** Dataset content follows **

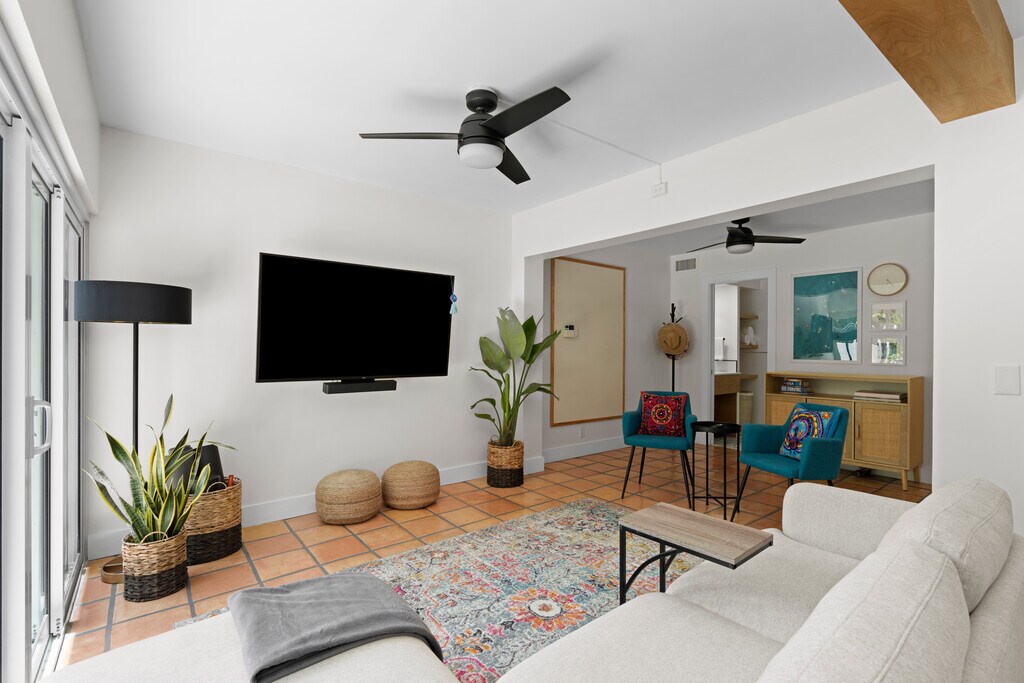 Furnished Annual Rental Available April 2026 This beautifully renovated two-story townhome is offered fully furnished and available for annual lease. Located in a peaceful setting just three blocks from the beach and one block from Atlantic Ave, offering walkable access to everything the area has to offer. Designed for comfort and functionality, the open-concept first floor features a spacious layout ideal for both everyday living and entertaining. The kitchen showcases a 10-foot island perfect for cooking and gathering, while the adjacent dining area comfortably seats six. The living room offers ample seating and is framed by floor-to-ceiling sliding glass doors that fill the space with natural light. A full bathroom on the main level adds convenience and flexibility. Upstairs, the home offers two bedrooms one with a king bed and one with a queen each with generous closet space. A full bathroom is located off the hallway, easily accessible to both bedrooms. Outdoor living is a highlight of this property, with a private 20' x 20' paved backyard patio ideal for outdoor dining or relaxing evenings. An additional upstairs balcony, accessible from one of the bedrooms, provides a quiet space to enjoy Florida's sunshine. The home includes one dedicated parking space located just steps from the front door and is offered fully furnished for a seamless move-in experience. Tenant pays all utilities (electric, gas, water, trash, internet). No smoking allowed.
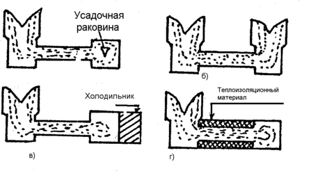 Для получения отливки без сконцентрированных в одном месте усадочных раковин необходимо, чтобы она затвердевала по одному из принципов: 1) одновременного затвердевания; 2) направленного затвердевания.
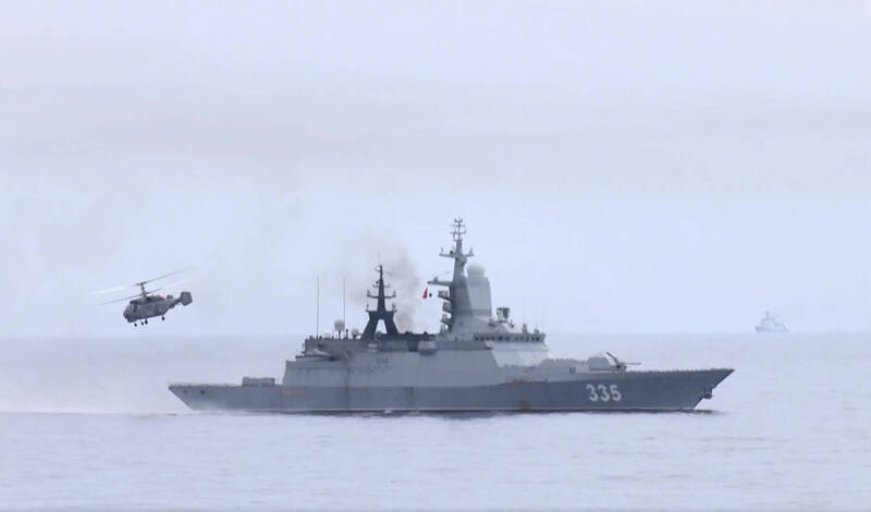 俄羅斯軍艦「響亮號」Gromkiy現身海參崴附近日本海的中俄聯合軍演。(歐新社)
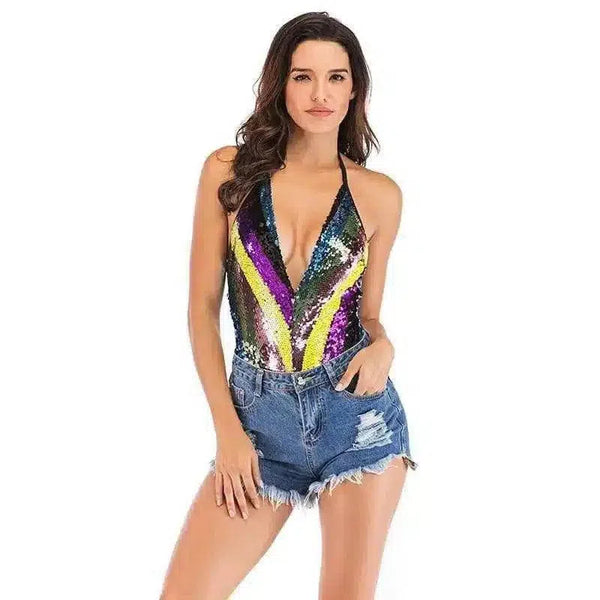 Bodysuit com lantejoulas e shorts jeans rasgados
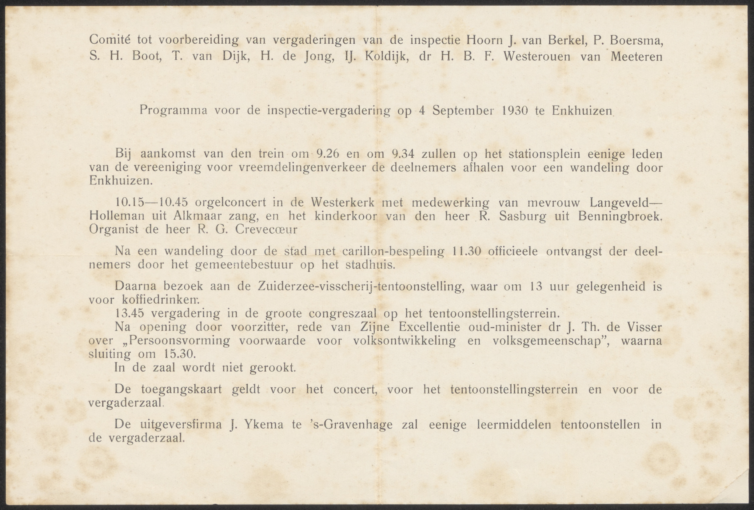 Programma van feestelijkheden gedurende de Zuiderzee...
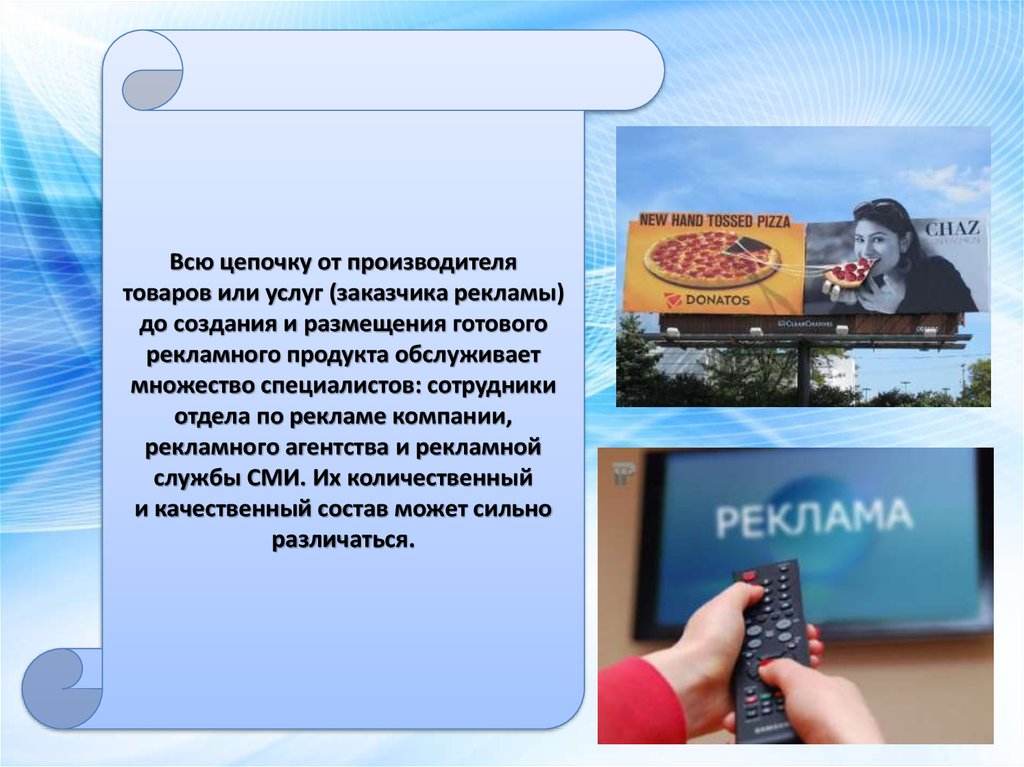 Всю цепочку от производителятоваров или услуг (заказчика рекламы)
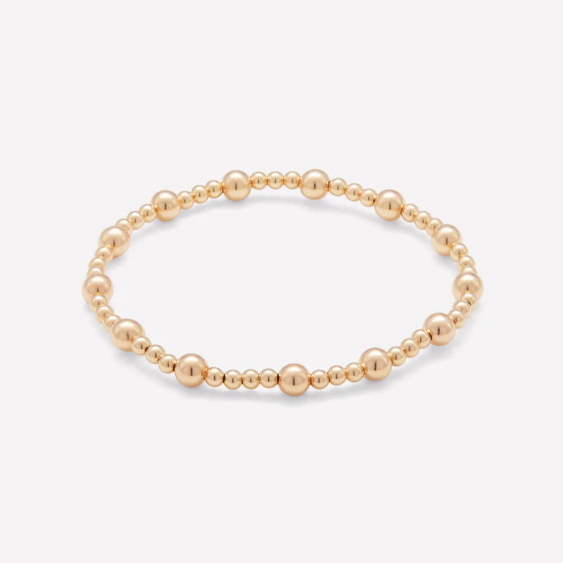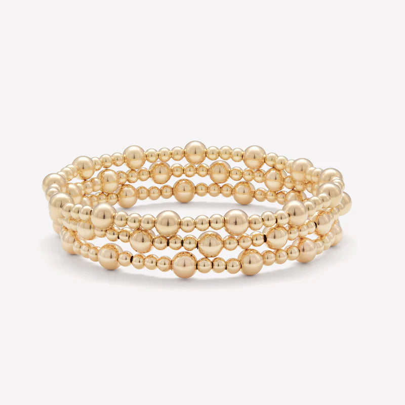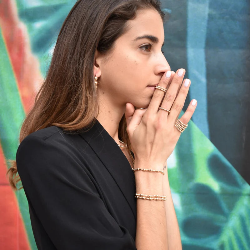 Expertly crafted with a yellow gold plated beaded design, this bracelet for women features an interesting mix of 3mm and 5mm beads - creating a stunning and sophisticated aesthetic. Effortlessly elegant, the ALEXA BRACELET will add a note of refined elegance to any ensemble.
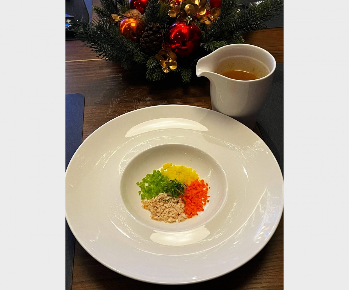 A fragrant clear fish soup made with a rich pike perch and salmon broth, with the addition of salmon roe. Clean, deep flavor with a noble accent.TOSSED AND MINGLED
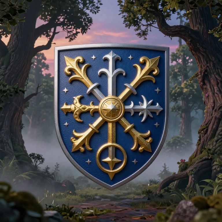 Free coat of arms floating in a misty medieval forest, intricate heraldic symbols shining with gold and silver accents, surrounded by ancient oak trees under a twilight sky, fantasy style, highly detailed, vibrant colors.
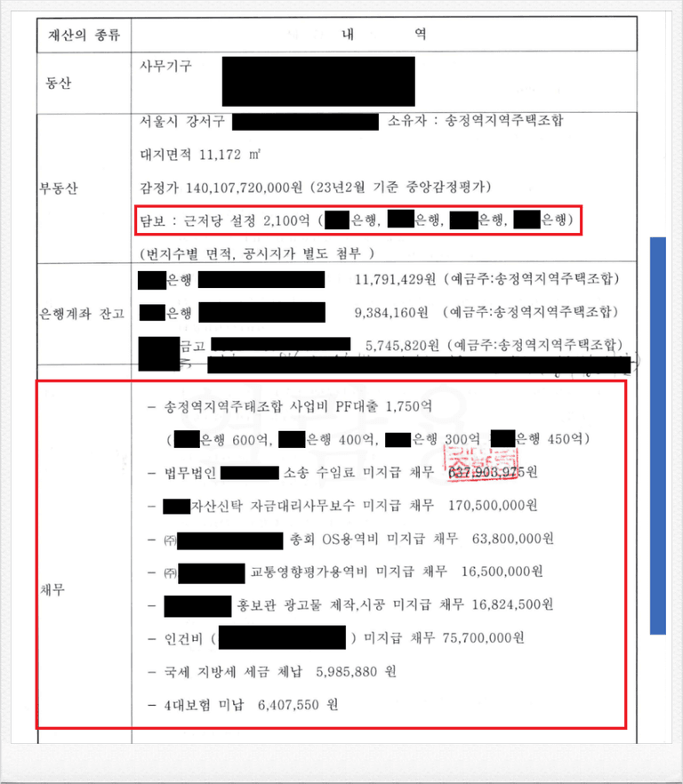최근 지역주택조합과 관련한 법적 분쟁과 사업 중단 사례가 잇따르고 있는 가운데, 송정역지역주택조합의 현재 재정 상태 또한 매우 신중하게 살펴볼 필요가 있습니다. 확인된 바에 따르면, 조합이 법원에 제출한 재산목록상 보유 부동산에는 이미 담보권이 설정되어 있으며, 해당 부동산의 담보대출액이 실제 가액을 초과하는 상태로 나타나고 있습니다. 그뿐만 아니라, 수억 원대의 채무가 여전히 미지급된 상태로 확인되어, 조합의 전반적인 자금 운용 능력에 대해 심각한 우려가 제기되고 있습니다.

** End of Dataset content **

Give again the lines from the line that contains "A fragrant clear" through the last line of the material above, exactly and with both ends included. Omit the pictures.

 A fragrant clear fish soup made with a rich pike perch and salmon broth, with the addition of salmon roe. Clean, deep flavor with a noble accent.TOSSED AND MINGLED
 Free coat of arms floating in a misty medieval forest, intricate heraldic symbols shining with gold and silver accents, surrounded by ancient oak trees under a twilight sky, fantasy style, highly detailed, vibrant colors.
최근 지역주택조합과 관련한 법적 분쟁과 사업 중단 사례가 잇따르고 있는 가운데, 송정역지역주택조합의 현재 재정 상태 또한 매우 신중하게 살펴볼 필요가 있습니다. 확인된 바에 따르면, 조합이 법원에 제출한 재산목록상 보유 부동산에는 이미 담보권이 설정되어 있으며, 해당 부동산의 담보대출액이 실제 가액을 초과하는 상태로 나타나고 있습니다. 그뿐만 아니라, 수억 원대의 채무가 여전히 미지급된 상태로 확인되어, 조합의 전반적인 자금 운용 능력에 대해 심각한 우려가 제기되고 있습니다.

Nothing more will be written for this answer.